There are also three types of points earned during the level, and the way the total score is calculated depends on which mission is completed. Normal points are earned by collecting rings and items. Dark points are earned by killing GUN troops (and sometimes Eggman's robots) and things in the environment (such as signs and lights.) Hero points are earned by killing Black Arms (and sometimes Eggman's robots), healing wounded or dead GUN troops and civilians, and putting out fires. The player's total score for Normal missions equals his/her Normal score plus their Time Bonus (Hero and Dark scores are ignored.) His/Her total score for Dark missions equals their Normal score plus their Dark score plus their Time Bonus minus their Hero score, and his/her total score for Hero missions equals their Normal score plus their Hero score plus their Time Bonus minus their Dark score. By earning an A rank for all stages, "Expert Mode" - a challenging version of all stages is unlocked, similar to "Super Hard Mode" in Sonic Heroes.
Final Levels & Endings
Final levels do not feature neutral missions, causing the player to choose either a Hero or Dark boss battle as their final fight.
- GUN Fortress (Pure Dark)
- Dark: Doom's Eye: Destroy GUN's 3 Central Computers then defeat Sonic the Hedgehog and Diablon (controlled by Commander).
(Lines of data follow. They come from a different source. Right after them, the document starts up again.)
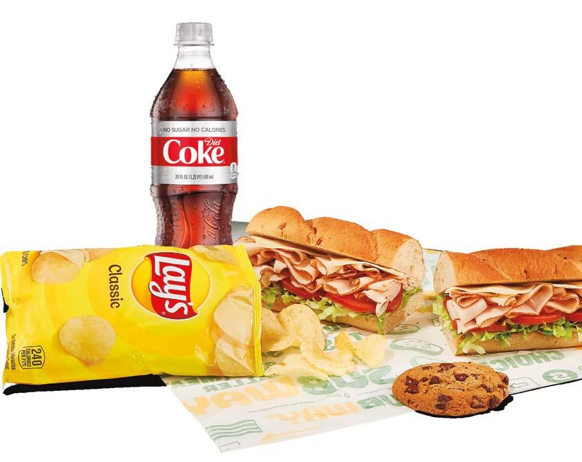 PICK UP YOUR MEAL TO GO! ORDER ONLINE AT SUBWAY.COM All snack brands are registered trademarks owned by Frito-Lay North America, Inc. © 2022 © 2022 The Coca-Cola Company. “Diet Coke” is a registered trademarks of The Coca-Cola Company. ®/© Subway IP LLC 2022.
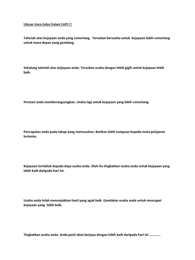 Lebih kecemerlangan dengan bersikap proaktif di dalam kelas. Contoh ulasan guru untuk pelaporan murid pbd pbs saps azim aris. Panduan menulis ulasan slip peperiksaan murid dalam saps. Banyakkan membuat latihan di rumah. Contoh ulasan guru kelas dalam saps kahanan. Berpotensi untuk memcatat kejayaan lebih . Anda mampu meningkatkan pencapaian dengan bersikap proaktif di dalam kelas. Perbanyakkan latihan bagi matapelajaran yang lemah. Ulasan guru kelas dalam slip peperiksaan. Yang tinggi dan minat terhadap pengajaran dan pembelajaran di dalam kelas. You have just read the article entitled ulasan guru kelas dalam saps. We are a sharing community. Download ulasan guru kelas pdf. Contoh ulasan guru dalam keputusan penilaian/ peperiksaan.
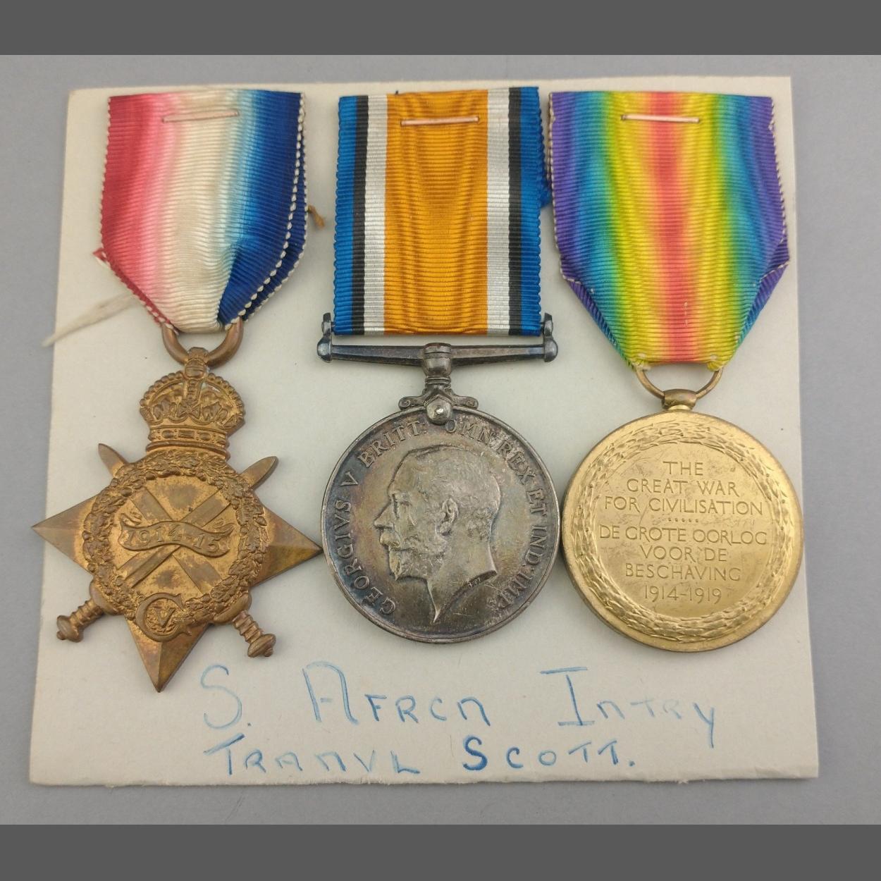 WWI medal trio - SOUTH AFRICAN INFANTRY awarded to Pte. T. McLaren comprising 1914-15 Star, British War Medal, Victory Medal with ribbons

Shadow then declares he was created to bring order and justice to the humans, and he is "going to destroy this damn planet".
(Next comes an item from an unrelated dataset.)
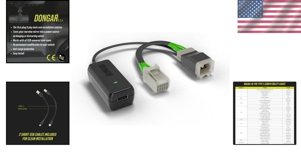 Rearview Mirror Dash Cam Adapter - Plug & Play Installation ‹ › ‹ › ‹ › ‹ › ‹ › ‹ › ‹ › ‹ › ‹ › Rearview Mirror Dash Cam Adapter Enjoy a seamless driving experience with our Rearview Mirror Dash Cam Adapter , designed for a fast, easy installation that requires no permanent modifications to your vehicle. Key Features: Plug & Play Installation: Experience an effortless setup as this adapter plugs directly into your rearview mirror wiring, ensuring a clean and discreet installation. Wide Compatibility: Compatible with a variety of USB-powered dash cams including popular options like Garmin Mini 2, Vantrue N2 Pro, and many others. Versatile Use: Not just for dash cams! This adapter also supports other USB-powered devices, such as radar detectors and GPS systems. Auto-Dimming Requirement: Designed for auto-dimming or powered rearview mirrors; it fits discreetly behind protective plastic cover. Ignition-Activated Power: Powers your devices only when your vehicle’s ignition is ON, preventing any battery drainage. Complete Install Kit: Includes one dash cam power adapter, two shorty USB cables (USB-C and Micro USB), and a plastic pry tool for a user-friendly installation. Why Choose Our Dash Cam Adapter? With our Rearview Mirror Dash Cam Adapter , you can enjoy an enhanced driving experience without the hassle. Forget about cluttered wires and complicated setups – with its plug & play design, you'll have your dash cam ready to go in no time. This adapter is the ultimate solution for anyone looking to stay safe on the road while maintaining a sleek and modern interior. Say goodbye to the worry of battery drainage and hello to a reliable, stylish, and functional accessory. Upgrade your driving experience today and ensure your dash cam is powered seamlessly. Elevate your automotive essentials with our Rearview Mirror Dash Cam Adapter! Shipping Free & Fast Shipping - We offer free shipping to most of the USA with a normal delivery time of 3-10 business days. However, due to various situations, additional delivery time (up to 3 weeks) may be required for some items. Alternative Carriers - We may use alternative carriers (e.g. USPS, FedEx, UPS, etc.) to ensure your package arrives safely and on time. Due to the use of multiple carriers, we are unable to provide a tracking number automatically. Handling Time - Orders are processed and shipped within 1-5 business days of receiving cleared payment. Shipping Restrictions - Shipping to Alaska, Hawaii, Puerto Rico, Guam, and other US territories may incur shipping charges or delivery restrictions. Please contact us before ordering, or your order can be refunded/cancelled. State Restrictions - There may be restrictions based on your state of purchase. For example, certain items may not be shipped to California due to state regulations. Contact for Tracking Updates - If you require tracking updates or have any concerns about the delivery of your order, please feel free to contact us, and we will be happy to assist you. Return 30-Day Hassle-Free Returns - We want you to be completely satisfied with your purchase. If you are not, you can return the item within 30 days of receiving it for a full refund or exchange. Easy Return Process - To start a return, simply contact us and we will provide you with a prepaid return shipping label and detailed instructions. Restocking Fee - There are no restocking fees for returns. However, the buyer is responsible for return shipping costs if the return is not due to a seller's error. Refund Processing Time - Refunds will be processed within 5 business days of receiving the returned item in its condition. Payment We accept all major credit cards, PayPal, and Apple Pay for your convenience. Your payment information is secure and encrypted to ensure a safe and seamless transaction. Please complete your payment within 3 days of purchase to avoid any delays in shipping. Feedback Your feedback is extremely important to us. We strive to provide the best products and customer service possible. If you are satisfied with your purchase, please take a moment to leave us a positive review. If you have any concerns or issues with your order, please contact us before leaving negative feedback. We are committed to resolving any problems and ensuring your satisfaction. Contact Us If you have any questions or concerns, please feel free to out to our customer support team. You can contact us through the eBay messaging system. We are available Monday to Friday, 9:00 am to 5:00 pm EST, and we will do our best to respond to your inquiry within 24 hours. Buy it now and enjoy a pleasant shopping experience! MPN: Dashcam_Power_Adapter_for_Mazda Type: Dash Camera

- Hero: Rouge the Bat: Find the 6th Chaos Emerald; afterwards, the two defeat Black Doom and Shadow declares he will conquer the universe.
- Black Comet (Semi-Dark)
- Dark: Doom's Eye: Eliminate all the GUN armies infiltrating the base, then defeat Sonic & Diablon and steal the seventh Chaos Emerald. Shadow announces himself the protector and servant of Black Doom.
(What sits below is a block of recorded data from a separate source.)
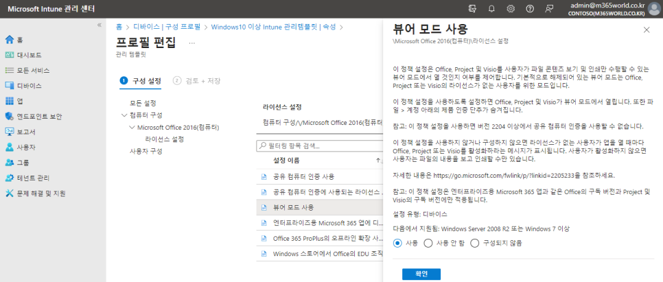 2. [컴퓨터 구성] > [Microsoft Office 2016(컴퓨터)] > [라이선스 설정] > [뷰어 모드 사용] 을 사용으로 설정하고 프로필을 생성하여 정책 배포 대상 그룹에 프로필을 할당합니다.
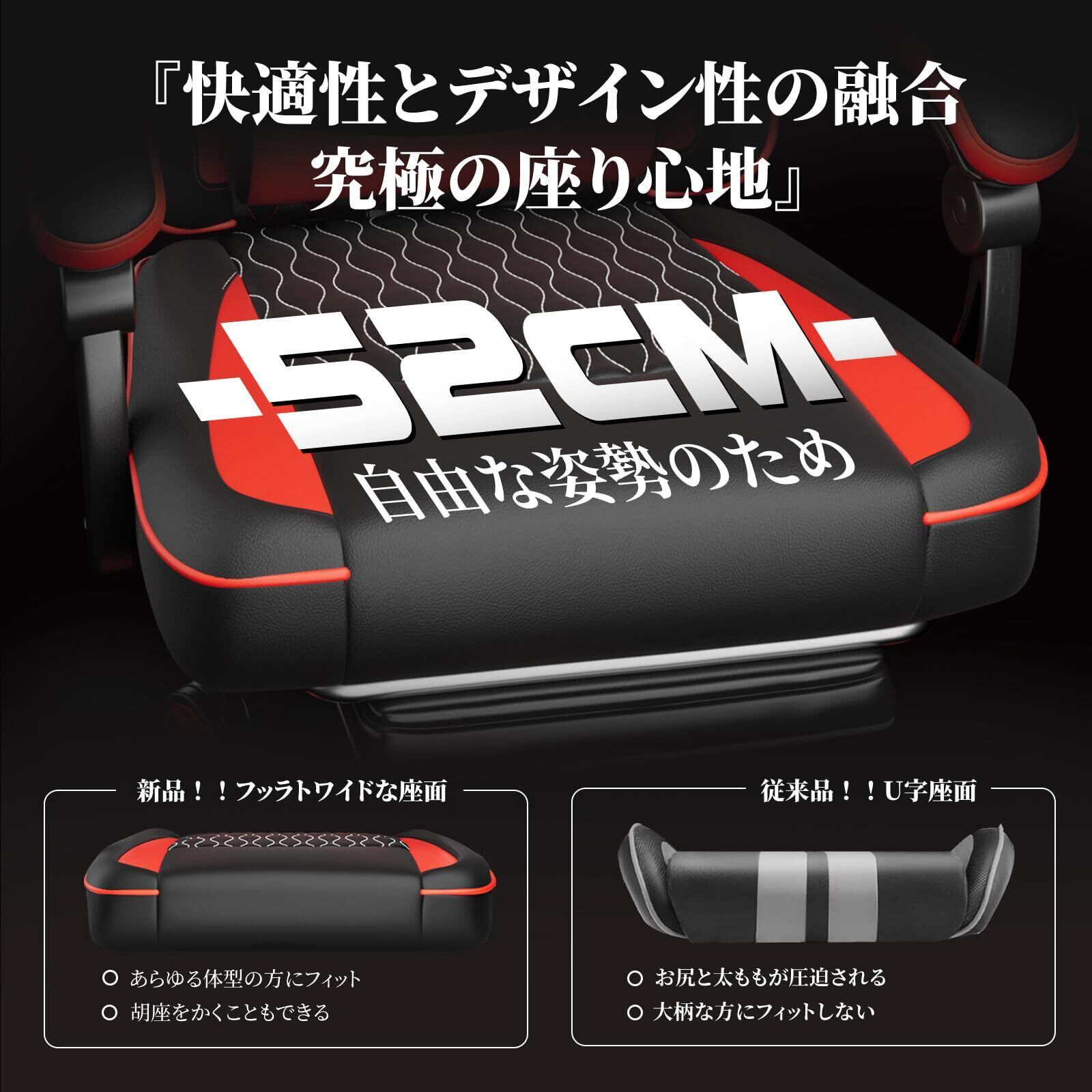 【広々とした平らな座面で快適な座り心地を実現】このゲーミングチェアは、座面の幅が52cmと少し大きめで、ゆとりある設計が特長です。伝統的なU字座面を改良し、両サイドを削って平らなデザインになっています。両足を広げても引っかからず、痛みを感じません。あらゆる体型の方にフィットします。体格の小さい方はそのまま座って胡座をかくこともでき、大柄な方はオットマンを利用して胡座をかくことも可能です。体重が均等に分散され、圧力が軽減されるため、疲労感が和らぎ、最も快適な座り心地をお楽しみいただけます。
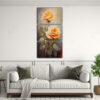 Este cuadro se verá espectacular en tu sala de estar Colócalo sobre un sofá gris para resaltar los tonos naranjas de las rosas y combínalo con cojines en color coral y plateado Completa la decoración con cortinas en tonos dorados y una alfombra en color mostaza ¡Crea un ambiente cálido y elegante con este hermoso juego de telas!
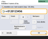 Invio di fax all'esteroImmettere il numero di accesso internazionale, il prefisso del paese e il numero di fax, in quest'ordine. Se non è possibile connettersi alla destinazione all'estero, premere <Pausa> per inserire una pausa tra un numero e il numero successivo. Invio di fax con un sottoindirizzoLa macchina supporta l'uso di sottoindirizzi standard ITU-T*. Se la macchina fax del destinatario è compatibile con l'impiego di sottoindirizzi ITU-T, è possibile aumentare la riservatezza dei documenti inviati usando un sottoindirizzo e una password. Per inviare un documento con un sottoindirizzo, immettere un numero di fax, premere <Sottoindirizzo> o <Impostazione dettagli>, quindi immettere il sottoindirizzo e la password. * Significa International Telecommunication Union-Telecommunication Standardization Sector, ovvero il gruppo che elabora raccomandazioni per la standardizzazione delle comunicazioni a livello mondiale. |
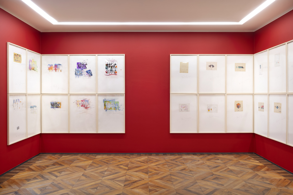 L’allestimento, curato da Andrea Isola, è stato pensato per esaltare il dialogo e il contrasto tra artista e collezionista: le pareti rosse risaltano il bianco delle carte, il flusso di poesie di Malabarba si incasella nelle tele programmatiche di Schifano, fino alla sagoma dell’artista che esce dall’immagine per prendere forma sul pavimento della galleria. Un allestimento che traduce visivamente il gioco di opposti descritto da Marco Meneguzzo nel catalogo della mostra: «riservatezza contro sfrontatezza, riflessione contro sbrigatività, profondità della parola contro superficie (non superficialità) delle immagini, lentezza contro velocità».
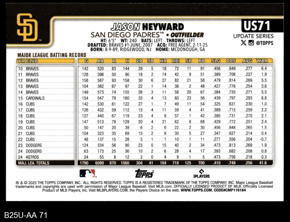 2025 Topps Update #71 Jason Heyward 8 - NM/MT
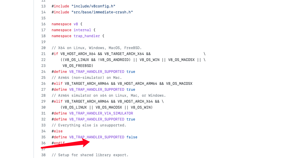 问题大概找到了 V8_TRAP_HANDLER_SUPPORTED 应该是false 不知道为什么编译走到了true

- Hero: Knuckles the Echidna: Find the center of the comet; Dr. Eggman appears and demands Shadow hands over the six Emeralds to him. With Knuckles's help, Shadow defeats Eggman and declares that he, and only he, knows what is best and that he is the master of his own life.
- Lava Shelter (Neutral)
- Dark: Dr. Eggman: Activate the base's lava defenses to stop G.U.N. from entering. Afterwards, Shadow faces Eggman. Upon the Doctor's defeat, he declares that he is a copy, replacement, and, thanks to the Emeralds, stronger version of the original Shadow the Hedgehog.
- Hero: E-123 Omega: Find Dr. Eggman and defeat his army; when they find him, Omega and Shadow are determined to defeat him (Shadow stating he will make him regret creating him); when they do, Shadow announces himself "Shadow Android" and that he will take over and lead the Eggman Empire.
- Cosmic Fall (Semi-Hero)
- Dark: Doom's Eye: Find the Chaos Emerald. Shadow and Vector then defeat Eggman. He soon declares himself protector of the ARK. An interesting note about this ending is the fact that this is the only ending where Shadow defeats Eggman but spares him.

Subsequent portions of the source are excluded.